*** EXTRACTED INFORMATION ***
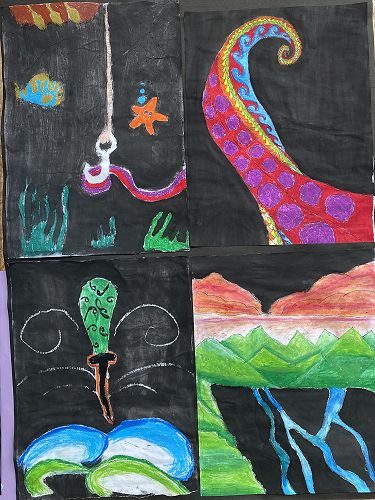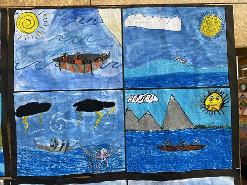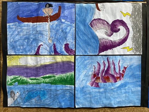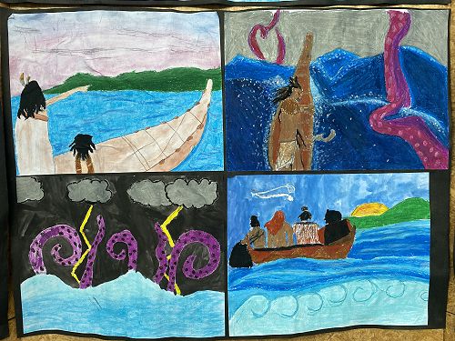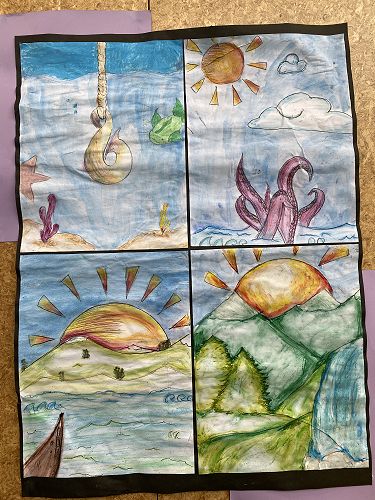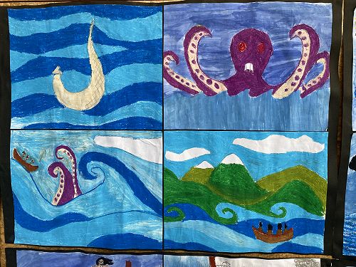 Students worked in groups of 4 to design and create 4 separate images. These individual images were then put together as a storyboard to depict the story of Kupe and the Giant Octopus.
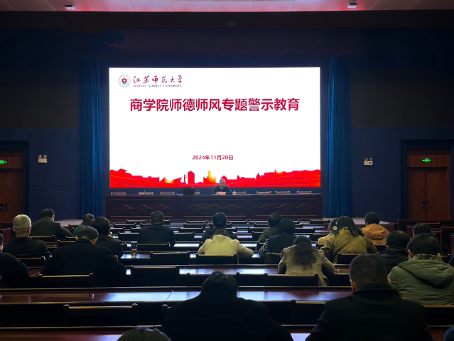 为深入贯彻落实习近平总书记在全国教育大会上的重要讲话精神,推进师德师风建设,11月20日下午,商学院在分析测试中心100D开展师德师风专题警示教育,学院全体教职工参加,会议由院长罗栋梁主持。
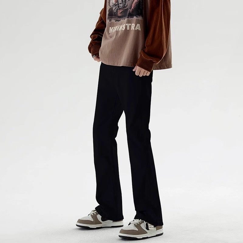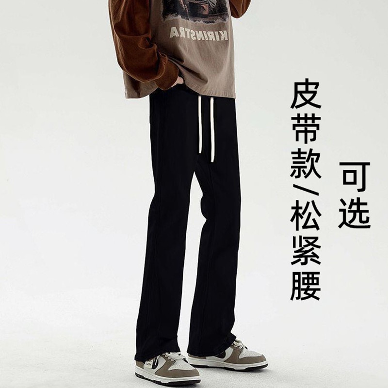 牛仔裤男秋冬加绒微喇青少年宽松直筒初中高中学生休闲帅气长裤子
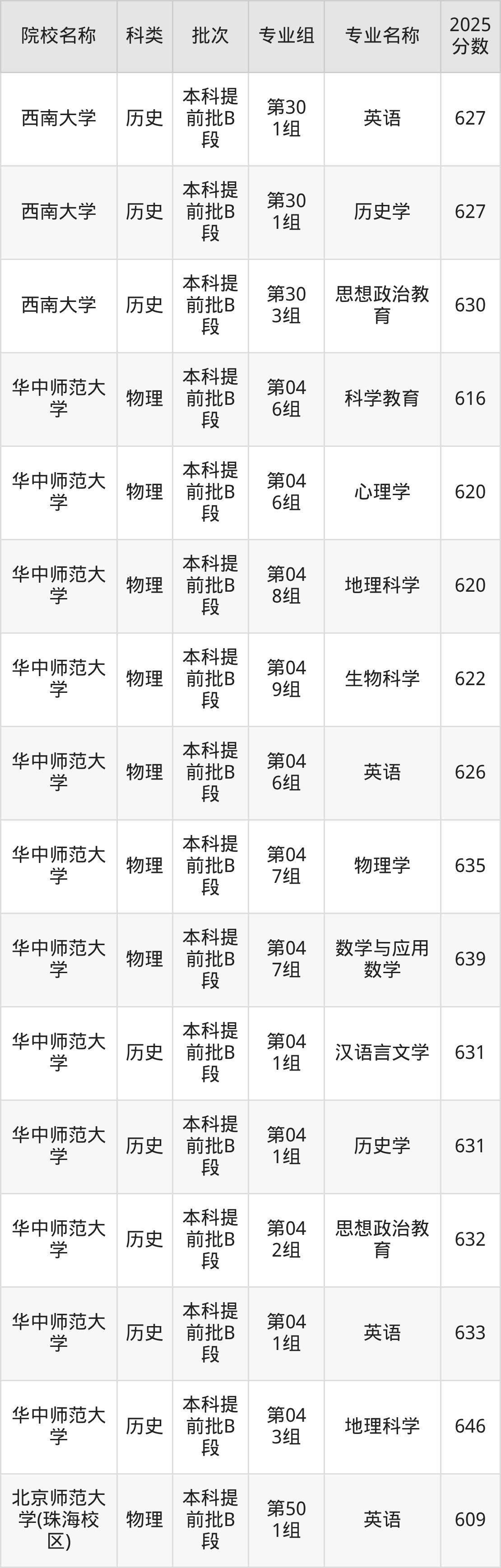 6、华中师范大学:最低616分
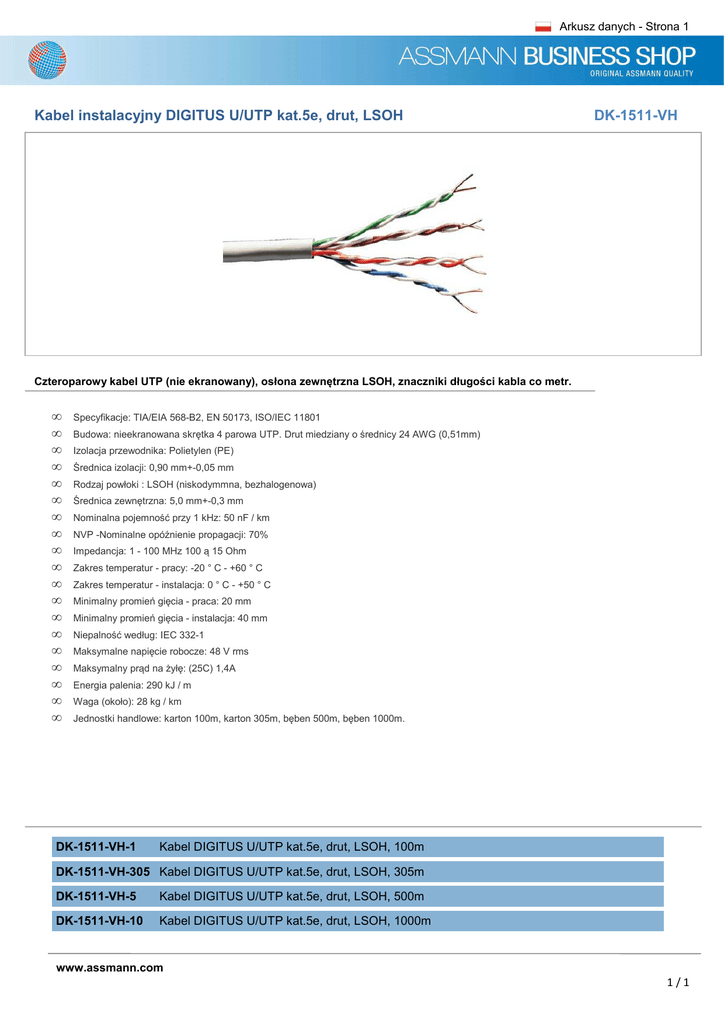 Arkusz danych - Strona 1 Kabel instalacyjny DIGITUS U/UTP kat.5e, drut, LSOH DK-1511-VH Czteroparowy kabel UTP (nie ekranowany), osłona zewnętrzna LSOH, znaczniki długości kabla co metr. • • • • • • • • • • • • • • • • • • • Specyfikacje: TIA/EIA 568-B2, EN 50173, ISO/IEC 11801 Budowa: nieekranowana skrętka 4 parowa UTP. Drut miedziany o średnicy 24 AWG (0,51mm) Izolacja przewodnika: Polietylen (PE) Średnica izolacji: 0,90 mm+-0,05 mm Rodzaj powłoki : LSOH (niskodymmna, bezhalogenowa) Średnica zewnętrzna: 5,0 mm+-0,3 mm Nominalna pojemność przy 1 kHz: 50 nF / km NVP -Nominalne opóźnienie propagacji: 70% Impedancja: 1 - 100 MHz 100 ą 15 Ohm Zakres temperatur - pracy: -20 ° C - +60 ° C Zakres temperatur - instalacja: 0 ° C - +50 ° C Minimalny promień gięcia - praca: 20 mm Minimalny promień gięcia - instalacja: 40 mm Niepalność według: IEC 332-1 Maksymalne napięcie robocze: 48 V rms Maksymalny prąd na żyłę: (25C) 1,4A Energia palenia: 290 kJ / m Waga (około): 28 kg / km Jednostki handlowe: karton 100m, karton 305m, bęben 500m, bęben 1000m. DK-1511-VH-1 Kabel DIGITUS U/UTP kat.5e, drut, LSOH, 100m DK-1511-VH-305 Kabel DIGITUS U/UTP kat.5e, drut, LSOH, 305m DK-1511-VH-5 Kabel DIGITUS U/UTP kat.5e, drut, LSOH, 500m DK-1511-VH-10 Kabel DIGITUS U/UTP kat.5e, drut, LSOH, 1000m www.assmann.com 1/1
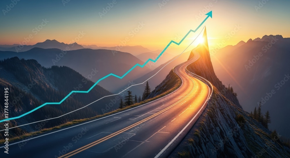 Reach new heights with this stunning upward trend, perfect for showcasing business growth and ambitious goals on a winding mountain road at sunset #1774844195
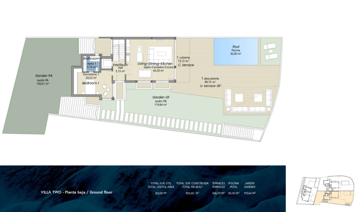 - Planta baja luminosa y abierta: El salón, la cocina y el comedor se funden en un único espacio abierto con acceso directo al jardín y a la piscina privada. Grandes ventanales llenan la casa de luz natural, mientras que el diseño interior combina confort y sofisticación. Aquí también se encuentra el dormitorio principal, con baño en suite y acceso a zonas exteriores privadas.
***
▸ PROBLEM REQUIREMENTS: The expected output is each record, copied exactly, and nothing in place of the pictures.

▸ PROBLEM SOLUTION:
 Students worked in groups of 4 to design and create 4 separate images. These individual images were then put together as a storyboard to depict the story of Kupe and the Giant Octopus.
 为深入贯彻落实习近平总书记在全国教育大会上的重要讲话精神,推进师德师风建设,11月20日下午,商学院在分析测试中心100D开展师德师风专题警示教育,学院全体教职工参加,会议由院长罗栋梁主持。
 牛仔裤男秋冬加绒微喇青少年宽松直筒初中高中学生休闲帅气长裤子
 6、华中师范大学:最低616分
 Arkusz danych - Strona 1 Kabel instalacyjny DIGITUS U/UTP kat.5e, drut, LSOH DK-1511-VH Czteroparowy kabel UTP (nie ekranowany), osłona zewnętrzna LSOH, znaczniki długości kabla co metr. • • • • • • • • • • • • • • • • • • • Specyfikacje: TIA/EIA 568-B2, EN 50173, ISO/IEC 11801 Budowa: nieekranowana skrętka 4 parowa UTP. Drut miedziany o średnicy 24 AWG (0,51mm) Izolacja przewodnika: Polietylen (PE) Średnica izolacji: 0,90 mm+-0,05 mm Rodzaj powłoki : LSOH (niskodymmna, bezhalogenowa) Średnica zewnętrzna: 5,0 mm+-0,3 mm Nominalna pojemność przy 1 kHz: 50 nF / km NVP -Nominalne opóźnienie propagacji: 70% Impedancja: 1 - 100 MHz 100 ą 15 Ohm Zakres temperatur - pracy: -20 ° C - +60 ° C Zakres temperatur - instalacja: 0 ° C - +50 ° C Minimalny promień gięcia - praca: 20 mm Minimalny promień gięcia - instalacja: 40 mm Niepalność według: IEC 332-1 Maksymalne napięcie robocze: 48 V rms Maksymalny prąd na żyłę: (25C) 1,4A Energia palenia: 290 kJ / m Waga (około): 28 kg / km Jednostki handlowe: karton 100m, karton 305m, bęben 500m, bęben 1000m. DK-1511-VH-1 Kabel DIGITUS U/UTP kat.5e, drut, LSOH, 100m DK-1511-VH-305 Kabel DIGITUS U/UTP kat.5e, drut, LSOH, 305m DK-1511-VH-5 Kabel DIGITUS U/UTP kat.5e, drut, LSOH, 500m DK-1511-VH-10 Kabel DIGITUS U/UTP kat.5e, drut, LSOH, 1000m www.assmann.com 1/1
 Reach new heights with this stunning upward trend, perfect for showcasing business growth and ambitious goals on a winding mountain road at sunset #1774844195
 - Planta baja luminosa y abierta: El salón, la cocina y el comedor se funden en un único espacio abierto con acceso directo al jardín y a la piscina privada. Grandes ventanales llenan la casa de luz natural, mientras que el diseño interior combina confort y sofisticación. Aquí también se encuentra el dormitorio principal, con baño en suite y acceso a zonas exteriores privadas.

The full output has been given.